Electron Energy Levels

Electrons in an atom exist in energy levels around the nucleus. According to the Bohr theory, it can be explained that there are energy levels around the nucleus. These energy levels are numbered as 1, 2, 3 … or K, L, M, N, … from the nucleus.

These energy levels are called principal quantum numbers (n) or principal energy levels. For each principal energy level, there are sublevels also known as subshells. These subshells are named s, p, d, f, g, … Each subshell consists of orbitals. If the principal quantum number is "n", the number of the orbitals present in the energy level is given by n².

Hydrogen emission spectrum

A hydrogen gas sample under low pressure is electrically energized. The emission spectrum of hydrogen is obtained by passing the resulting beam through a prism and diffracting it according to the frequency. This is known as the emission spectrum of hydrogen.

This spectrum was invented in 1885 by a Swiss scientist Johnathan Balmer. Therefore, this spectrum is also known as the Balmer series. There are four lines in this series and all the lines present in the visible range of the electromagnetic spectrum.

1. Hα (Red)
2. Hβ (Green)
3. Hγ (Blue)
4. Hδ (Violet)

The distance between two lines decreases in the direction of increase in frequency.

Bohr explanation of the Hydrogen emission spectrum

In 1913 Danish physicist Neil Bohr suggested a theory to explain the Hydrogen emission spectrum.

When Hydrogen gas (H₂) under low pressure is supplied energy, the bond between the two atoms of the H₂ molecule is broken and forms hydrogen atoms. There is only one electron in the hydrogen atom. This electron exists in the lowest energy level (n = 1 principal quantum number) in the hydrogen atom.

This state is called the ground state. When the energy is supplied, the electron in the ground state will absorb the energy and transit to a higher energy level. This state is called the "excited state". The excited state is unstable. Therefore, the electrons will emit the absorbed energy, and transit to the lower energy levels.

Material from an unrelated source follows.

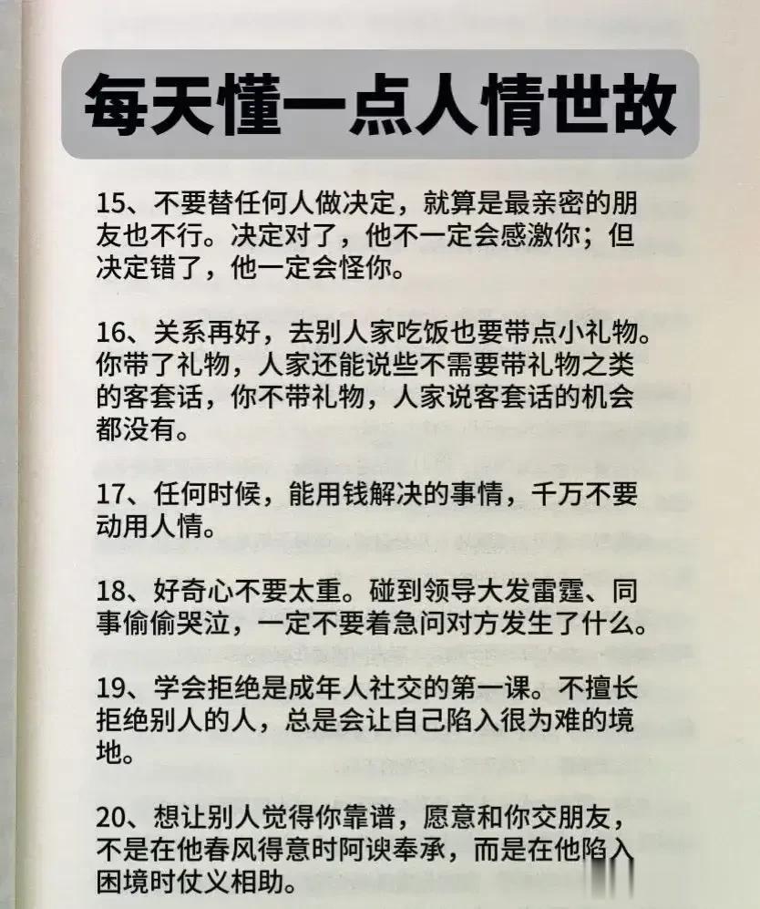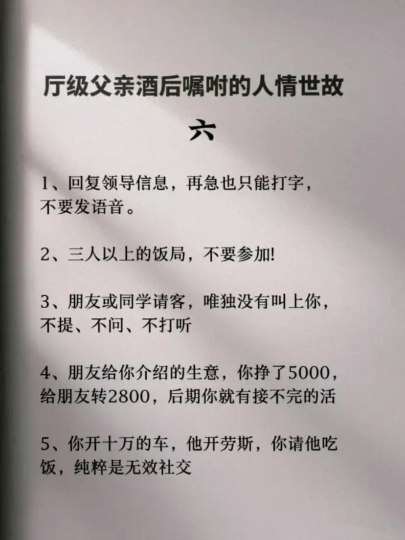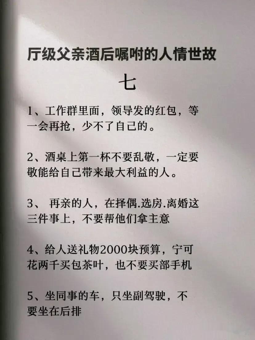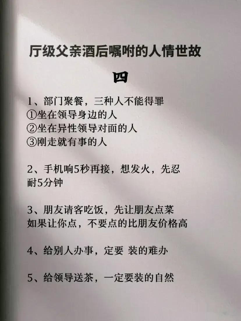 一位厅级父亲酒后嘱咐儿子的人情世故,全是精髓,不仅可以帮助我们建立良好的人际关系,还能够提升自身的社交能力和成功的机会。看完之后,才明白会变通,懂人情世故到底有多重要,它能决定一个人的一生是飞黄腾达,还是穷困潦倒? 据说,那些混得好的人,早就把人情世故如数家珍!无论是在职场还是日常生活中,都能得心应手,事半功倍! 曾经的我也是嗤之以鼻,直到四十岁的我才明白,有的人做得很棒却得不到提拔和重用,导致人生走了很多弯路。究其原因,就是不懂人情世故,容易得罪人! 没事拿出十分之一的时间来翻翻这本《每天懂一点人情世故》,学习并运用好这门技巧将会给我们带来很大收益。

The Lyman series is obtained due to the radiation emitted by the electron transition between the higher energy level to the lowest energy level (n = 1). The lowest frequency line in the Lyman series is obtained due to the electron transition between n = 2 to n = 1.

The highest frequency line is obtained due to the electron transition between the highest energy level to the n=1 level. Lyman series is in the UV range of the electromagnetic spectrum.

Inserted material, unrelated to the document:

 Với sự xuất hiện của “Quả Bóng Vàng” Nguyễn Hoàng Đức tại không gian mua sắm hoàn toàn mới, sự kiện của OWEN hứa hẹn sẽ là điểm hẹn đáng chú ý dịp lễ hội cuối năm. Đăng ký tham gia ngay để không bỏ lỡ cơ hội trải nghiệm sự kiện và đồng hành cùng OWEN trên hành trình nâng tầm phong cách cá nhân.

When the electrons transit from the higher energy levels to the n = 2 level, the Balmer series is obtained. The lowest frequency level of the Balmer series is Hα line and it is red in color. This is obtained when the electrons transit from the n = 3 to n = 2 energy level.

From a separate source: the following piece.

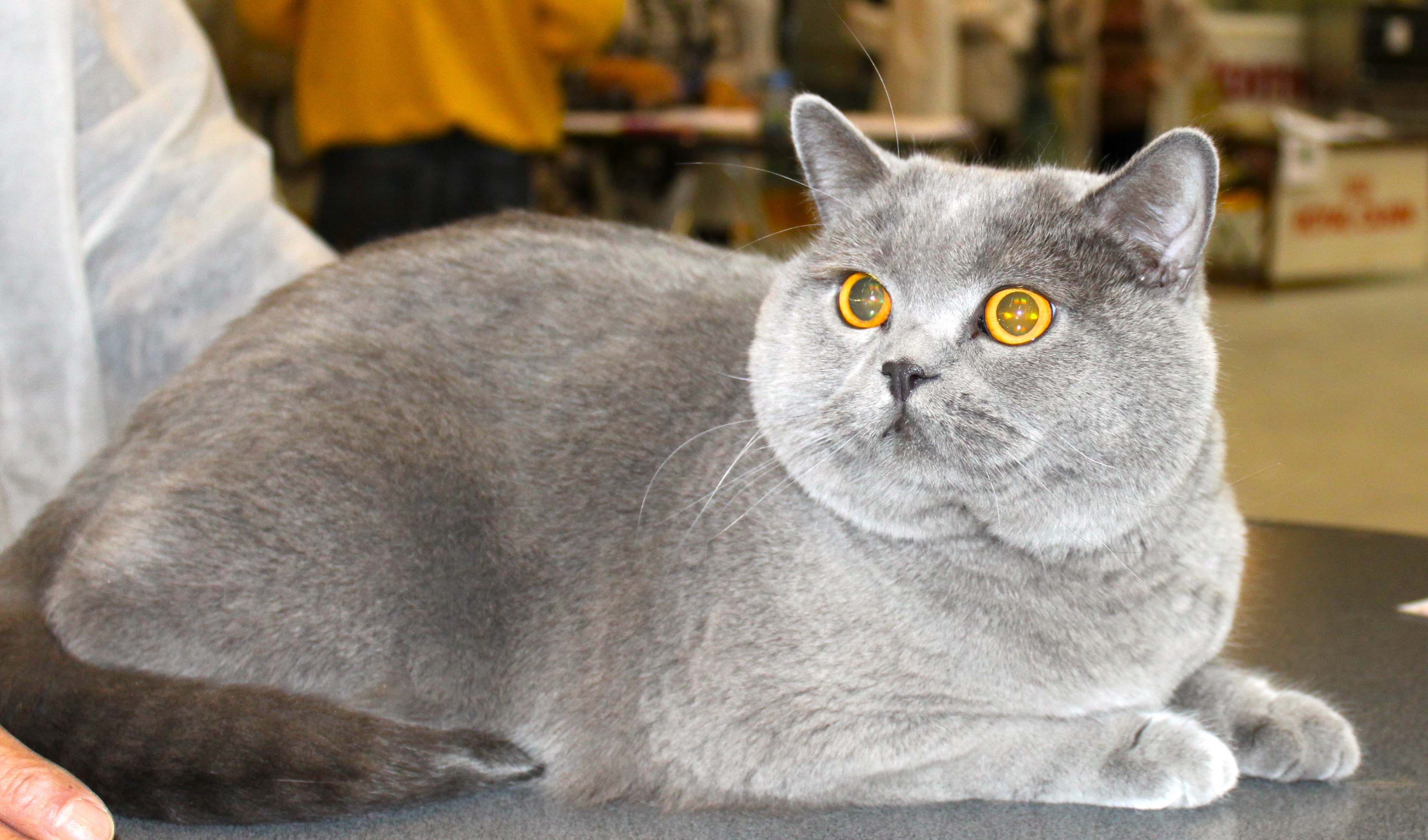 Først på 1800-tallet skjer en mirakuløs forandring i det britiske folks oppfatning av katten. Den første organiserte katteutstilling finner sted i London i 1871. Blant de luksuriøst pelsete langhårskattene, ledsaget av vestens første glimt av den sjeldne siamesiske katt, tronet den blå, britisk korthårskatten med sin praktfulle pels. En farge som kunne beskrives som tordenskygrå nedtonet med blek lavendel. Pelsfargen var sjelden og ble lagt merke til.

When the electrons transit from n = 4 to n = 2, the Hβ line is obtained and the emitted radiation is green in color. When the electrons transit from n = 5 to n = 2, the Hγ frequency line is obtained and it is blue in color. The highest frequency line of the Balmer series is Hδ line. This is obtained when the electrons transit from n = 6 to n = 2 energy level. Hδ line is violet in color.

There are the Paschen series, Brackett series, and Pfund series in the IR range of the electromagnetic spectrum. Those series are obtained when the electrons transit from the higher energy levels to n = 3, n = 4, and n = 5 respectively.

When the transition electrons from higher energy levels to lower energy levels they always emit a specific frequency of radiation. That explains why there are energy levels in an atom with a specific energy. Also, the energy gap between the two lines is decreasing in the direction that increases the energy. This explains that the energy gap between two energy levels is decreasing in the direction away from the nucleus.

Bohr's theory suggests the following information on an atom.

1. There are energy levels around the nucleus. And those energy levels have a unique energy.
2. The energy of an energy level is increasing in the direction away from the nucleus.
3. The energy gap between two energy levels is decreasing in the direction away from the nucleus.
4. Electrons with low energy exist in low energy levels and electrons with high energy exist in higher energy levels. Also, electrons can transit to any energy level.
5. Electrons do not emit radiation as they rotate around the nucleus.

Failures of the Bohr model

Although the Bohr theory can explain the emission spectrum of hydrogen, it cannot be used to explain the spectrum of the elements with multiple electrons. The emission spectra of other elements are different from each other.

According to the Bohr explanation, electrons travel in a circular path. If it does the atom has to be flat. But that is not true.

The intensity of some frequency lines of the hydrogen emission spectrum is low. This also cannot be explained by Bohr's theory.